The current problems are that users and I have noticed that (sometimes) the Desktop is almost unusable because one can't resize or move app windows. Also the borders around the windows (and around the entire Desktop) disappear.

I believe I have diagnosed as occurring because the xfwm4 window manager process dies shortly after the Desktop starts. I've noticed that very briefly (about one second) when the Desktop appears, the usual border around the Desktop is there (i.e., the top 'management' bar and the small app bar at the bottom). Then it disappears. Then when I look using ps, xfwm4 is not running.

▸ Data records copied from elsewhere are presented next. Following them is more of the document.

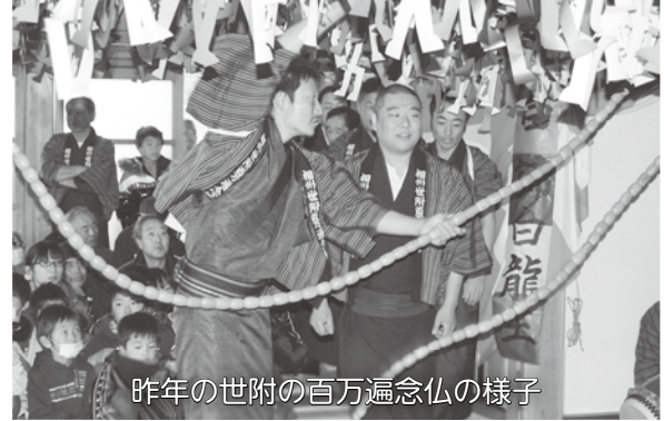
昨年(2013年)の世附の百万遍念仏の様子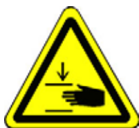
24.09 Warnung vor Handverletzungsgefahr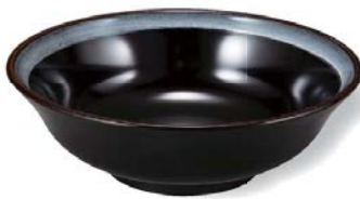
7-229-4 (30045620) ¥2,000 ゆず天目 ■TA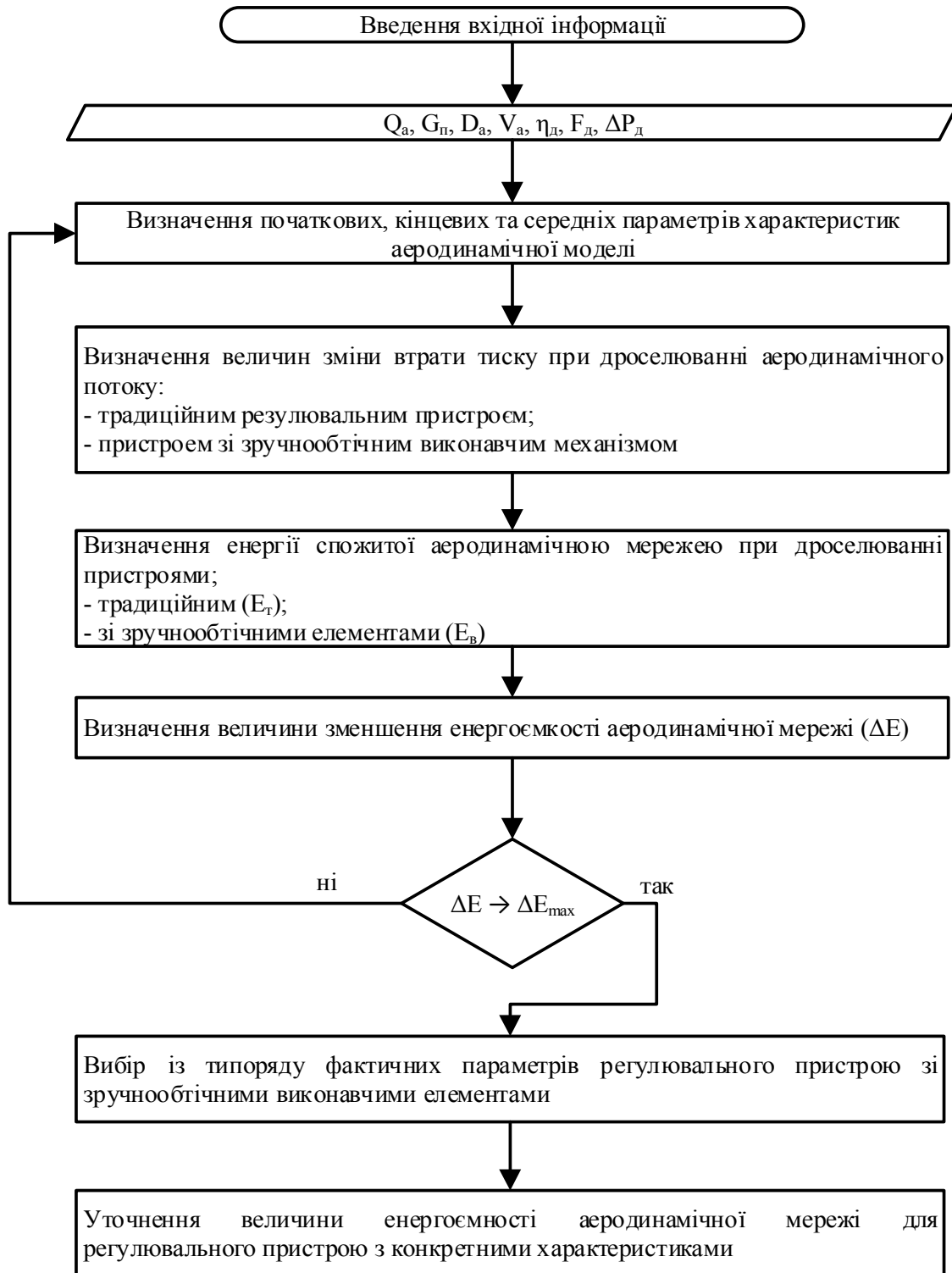
Рисунок 2 – Структурно-логічна модель управління енергоємністю аеродинамічної мережі при регулюванні витрати в системах вентиляції та аспірації

мережі ( D_a ), швидкість аеродинамічного потоку ( V_a ), коефіцієнт місцевого опору ( \eta_d ), площа поперечного перерізу аеродинамічного потоку ( E_d ) та величин втрат тиску ( \Delta P_d ).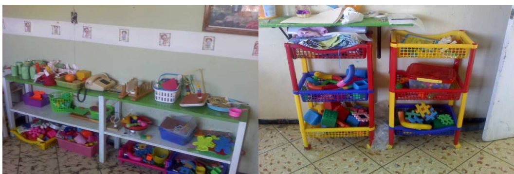
Imagen 5. Material del Aula

El material en el salón de clases está acomodado en un lugar apropiado donde los niños puedan alcanzarlo con facilidad.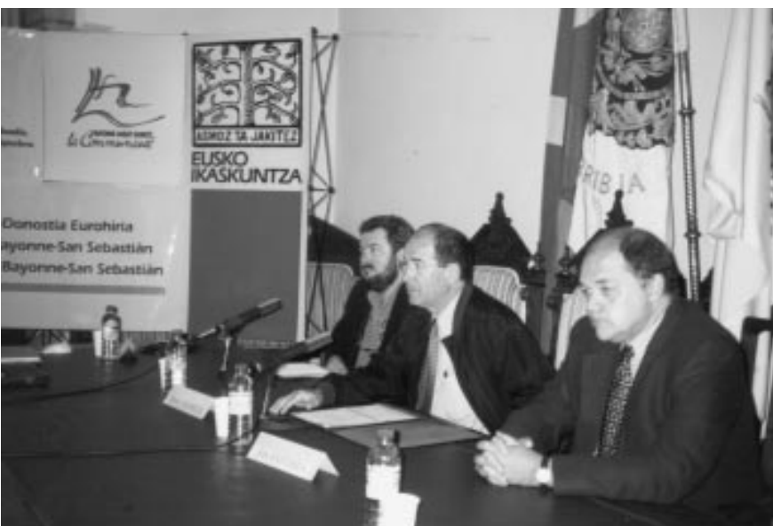
La mairie de Hondarribia accueille une journée sur le futur transfrontalier du Pays Basque.

urrian Bidarten hasi zenetik, Donostia, Angelu eta Miarritzen ere garatu dira programa honen saioak, Hondarribikoarekin itxiera eman zaiolarik. Lan osoaren emaitza, Eusko Ikaskuntzaren XV. Kongresuaren barruan azalduko da, “Ezaguerearen gizartea eta Eukal Herria” sailean.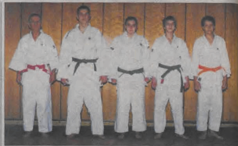
Z czwórki zawodników Zrywu w finałach wystartuje tylko dwójka.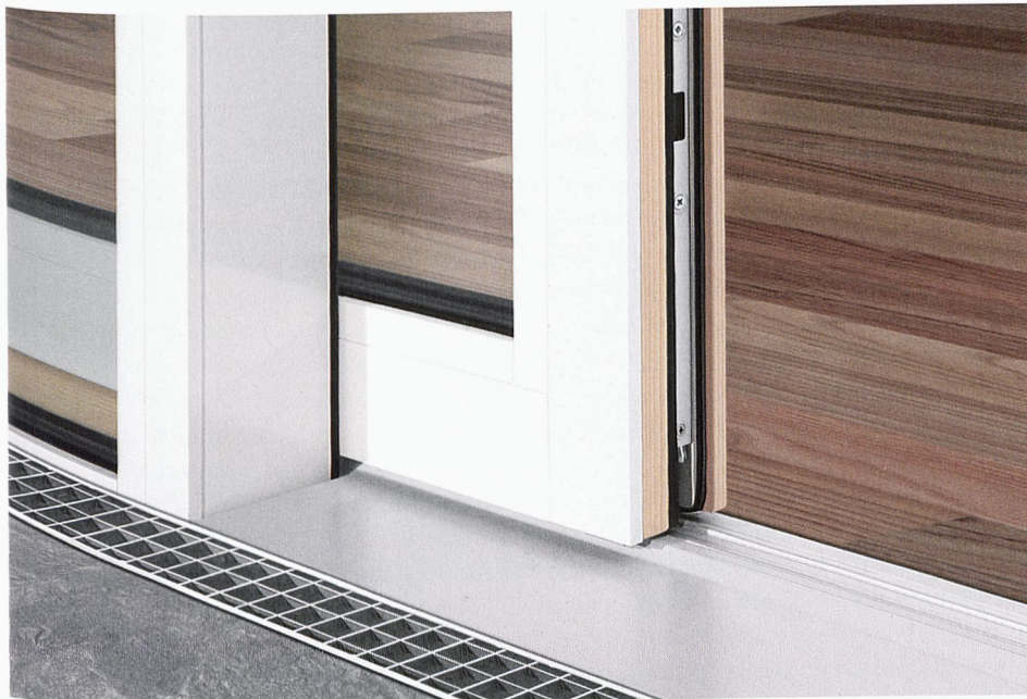
Portes-fenêtres EgoKiefer avec vide lumière maximal et seuils accessibles aux fauteuils roulants.

Les systèmes intelligents améliorent la qualité de vie. L'ouverture et la fermeture automatiques de portes coulissantes à levage ou la construction de seuils accessibles aux fauteuils roulants accroissent le confort et la maniabilité pour tous.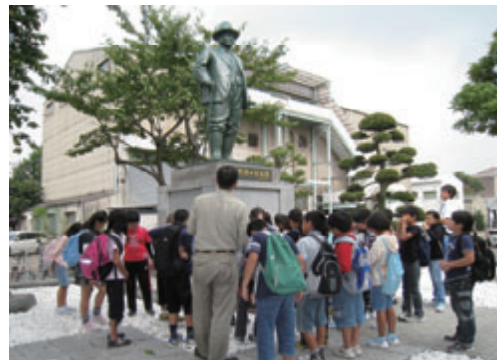
活動名:No.5 地元小学校の地域学習支援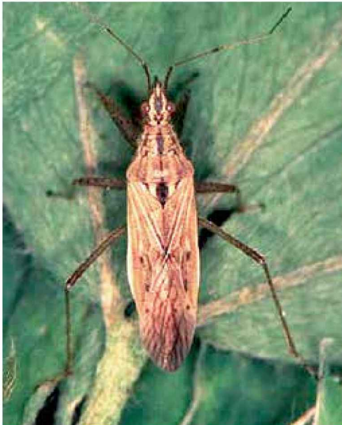
Nábido adulto ( Nabis provencalis )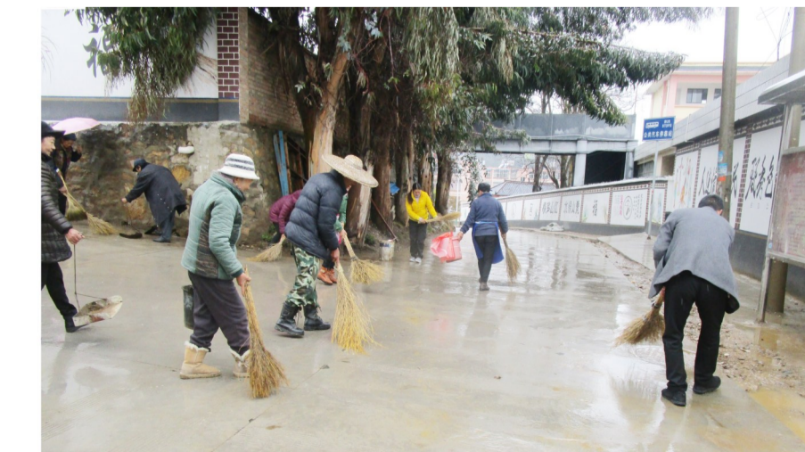
▲今年以来,维西县保和镇白鹤山社区抓住实施民族团结进步、边疆繁荣稳定重点项目契机,促进各民族共同团结奋斗、共同繁荣发展。图为白鹤山社区居民自觉走上卫生责任区打扫卫生。

为全面落实社会矛盾纠纷多元调处化解机制,塔城镇构建党委政府统一领导,维稳工作中心组织协调,人民调解、行政调解、司法调解相衔接配合的社会矛盾纠纷组织体系。按照《塔城镇贯彻落实〈人民调解法〉推进大调解工作格局实施方案》,强化矛盾纠纷大排查、大调处工作,着力构建了以人民调解为基础,人民调解、行政调解、司法调解联动的“三调联动”工作体系,推行“以案代补、以案定补”机制,推进人民调解进基层法庭、基层派出所,把调解优先原则贯穿到执法办案的各个环节。落实《维护保障群众权益“4+1”工作实施细则》,充分运用“4+1”工作法,依法、及时、有效地处理群众反映的问题,积极预防和妥善处置各类矛盾纠纷,维护社会和谐稳定。在矛盾纠纷的排查化解中,更加注重从源头上做好预防化解工作,深入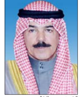
الشيخ محمد خالد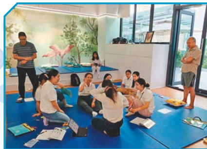
◆入駐 Bayswork 的從事健康管理港企員工進行互動訓練。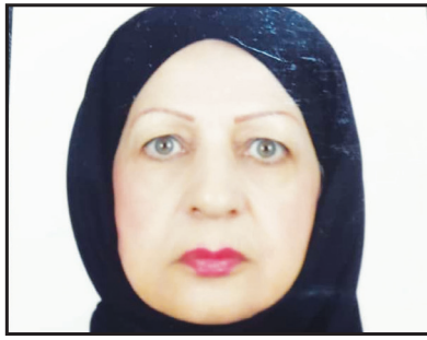
عشرت بنی هاشمی

درگیر غم و درد زمان هرسو بود هر لحظه به روی لب او باهو بود آن مرد علی بود که از پا ننشست آن مرد که روح صیقلی با او بود هر شب پر پرواز کبوترها بود یا اینکه شریک غم مادرها بود وقتی که نیامد همگی فهمیدند درگاه امید نیمه شب، مولا بود در عالم بچگی خود با پدری خوش بود که می‌داد به او بال و پری آن شب که پدر به او نزد سر، فهمید آن نخل کریم خم شده، بود علی دراوج و فرود، عشق مهمانش بود بخشش همه جا رفیق دستانش بود دنیای خودش سهم یتیمانش بود این‌ها همه از علی و ایمانش بود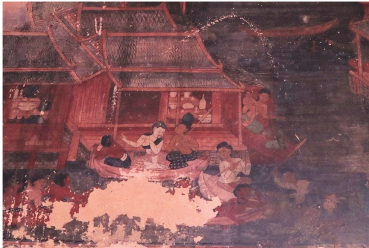
ภาพ 29 ภาพแม่ค้าพายเรือขายผลไม้กำลังถูกนักโทษพม่าขโมยผลไม้ในเรือ ผนังด้านหน้าพระประธาน พระอุโบสถ วัดกัลยาณมิตร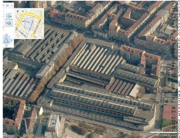
Vista aerea da ovest - area sud

Arrivo: AOO 055, N. Prot. 00001955 del 15/06/2021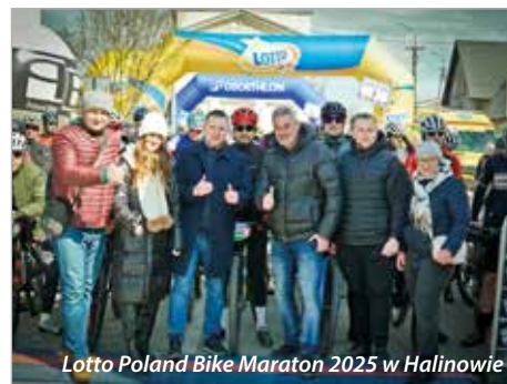
Lotto Poland Bike Maraton 2025 w Halinowie

Nasza gmina aktywnie wspiera udział mieszkańców w programie Czyste Powietrze, który umożliwia otrzymanie dofinansowania m.in. na wymianę starych pieców oraz termomodernizację budynków. Oferujemy doradztwo oraz pomoc przy wypeł-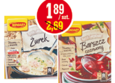
WINIARY BARSZCZ BIAŁY, ŻUREK, ŻUREK Z GRZYBAMI, BARSZCZ CZERWONY, ZUPA GRZYBOWA 48-66 G (CENA ZA 1 KG - 39,37-28,64 ZŁ)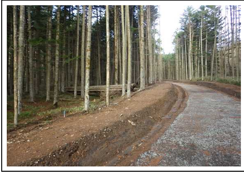
土場番号 5 (R2.11.12撮影)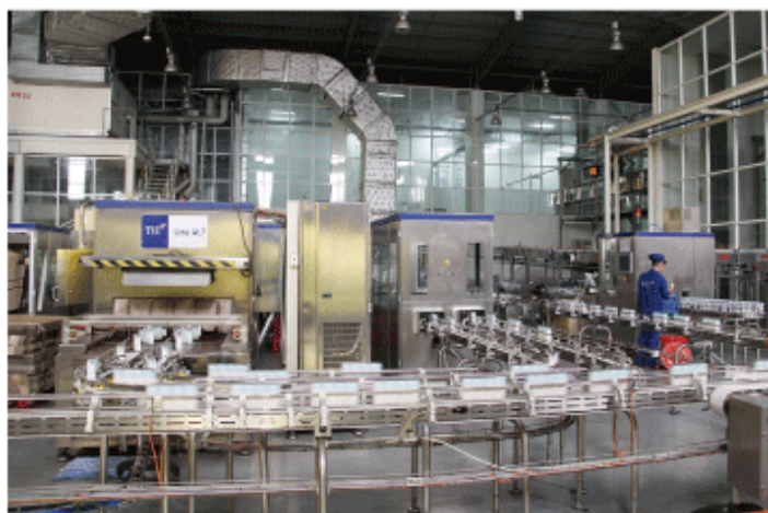
欧州のオートメーション技術を導入して24時間フル生産をするTHミルクの工場＝ゲアン省

THファームでは、乳牛を管理するためにイスラエルの乳業向けITソリューションを提供するアフィミルクのシステムを導入している。「レッグタグ」と呼ばれるセンサーを脚に付けてWiFi（ワイファイ）で、歩数などのデータをクラウド上で管理する仕組み。第8農場では、最新型のシステムの導入により1時間ごとに牛の熱感知ができる。これは健康状態や発情期を知ること、受胎率を高める狙いがある。最新技術で分娩を感じて、携帯端末にアラートする機能も搭載した。

Looking at output.log, I see the following messages:

Another Window Manager (Xfwm4) is already running on screen :1.0
To replace the current window manager, try "--replace"

(xfwm4:2197088): xfwm4-WARNING **: 13:48:36.095: Could not find a screen to manage, exiting

Following some hints from Claude, I tried to see if xfwm4 was being started multiple times, but I didn't see any indications of that happening.

So I don't know why another xfwm4 is already running.

Ideally it would be nice to figure that out so as to come up with a robust solution.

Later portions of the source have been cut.